Having a small but dribbling constant error rate is evidence of a bad link, or a badly designed link (too much loss, for example).

That is why when EDN magazine asked Xilinx for the MGT error rate, it was stated as 0.

Just because the specification for a standard is 1E-12, is no reason to do sloppy engineering.

Austin

kather> Our experience is that you are basically right.

Reply to
Austin Lesea

Until somone fires up an arc welder in the vicinity :-) Anything that can go wrong will - it depends on the requirements of the system as to whether errors of that sort are acceptable. And then to come up with whatever mitigation is required. For example a directly-life-and-limb threatening system will probably not use a single link of any sort over any distance!

Sorry to sound tedious, but categoric statements with zeroes in them tend to wind the pessimist-in-me up!

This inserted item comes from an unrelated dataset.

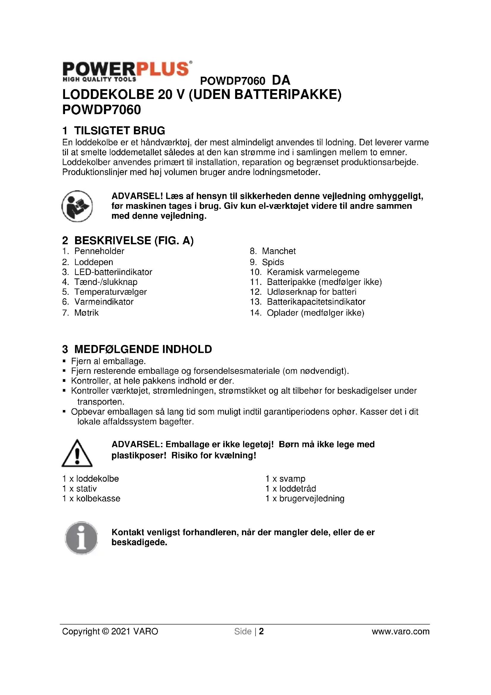 Copyright © 2021 VARO Side | 2 www.varo.com LODDEKOLBE 20 V (UDEN BATTERIPAKKE) POWDP7060 1 TILSIGTET BRUG En loddekolbe er et håndværktøj, der mest almindeligt anvendes til lodning. Det leverer varme til at smelte loddemetallet således at den kan strømme ind i samlingen mellem to emner. Loddekolber anvendes primært til installation, reparation og begrænset produktionsarbejde. Produktionslinjer med høj volumen bruger andre lodningsmetoder. ADVARSEL! Læs af hensyn til sikkerheden denne vejledning omhyggeligt, før maskinen tages i brug. Giv kun el-værktøjet videre til andre sammen med denne vejledning. 2 BESKRIVELSE (FIG. A)
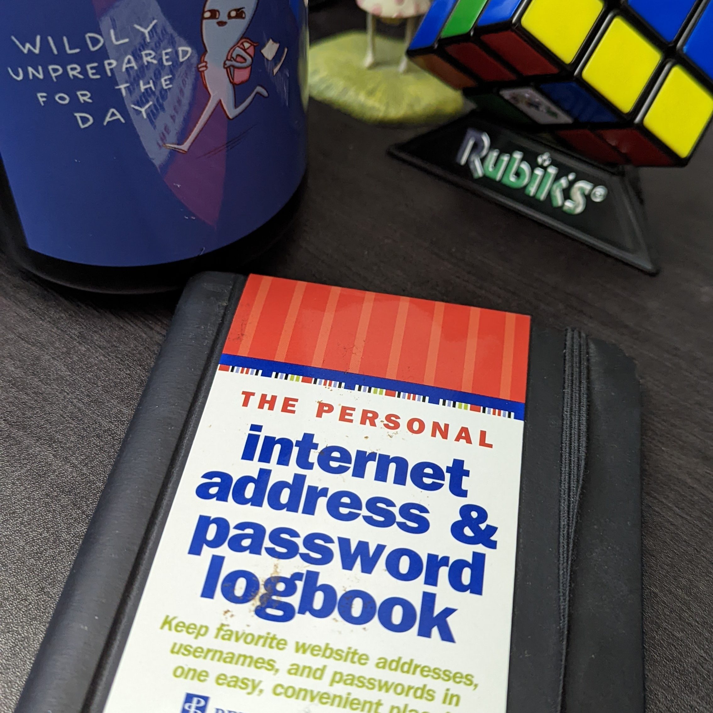 The Personal Internet Address & Password Logbook is, as its title states – a logbook for passwords and internet addresses. The final few pages logbook also allows you to record home network configurations, software license numbers, other notes. Years ago, I displayed the book on my desk at work. Working at an identity and access management company whose mission was to make individual passwords obsolete, the logbook was a soon-to-be ancient artifact for my coworkers and me to joke about. After leaving that company, it found a place on my bookcase at home and was quickly forgotten about.

Or am I missing something in the MGT implementation - I have to admit to only being aware of them, not having used them - our car applications tend to stick around lower bitrates (well, apart from the video cameras!)

Cheers, Martin

--
martin.j.thompson@trw.com
TRW Conekt, Solihull, UK
http://www.trw.com/conekt
Reply to
Martin Thompson

The design is for the embedded market. I have no idea at all what firmware is going into the V2Pro nor at what frequency. The decoupling, for instance, is not matched to any particular frequency nor are the power supplies matched for any particular transient load. Had a hell of a time recently with a hotswap controller which was in full production and then a customer enables his clocks, the FPGA gulps current and down went the board untill the next power cycle.

I also have no control over the backplane, nor the gigabit router that some of the MGTs are driving

etc, etc, etc.

Two years ago Xilinx were very very cagey and wanted to hold everyones hand through MGTs with very strict guidelines. Now with 10GBps MGTs woking on FR4 the tune seems to have changed!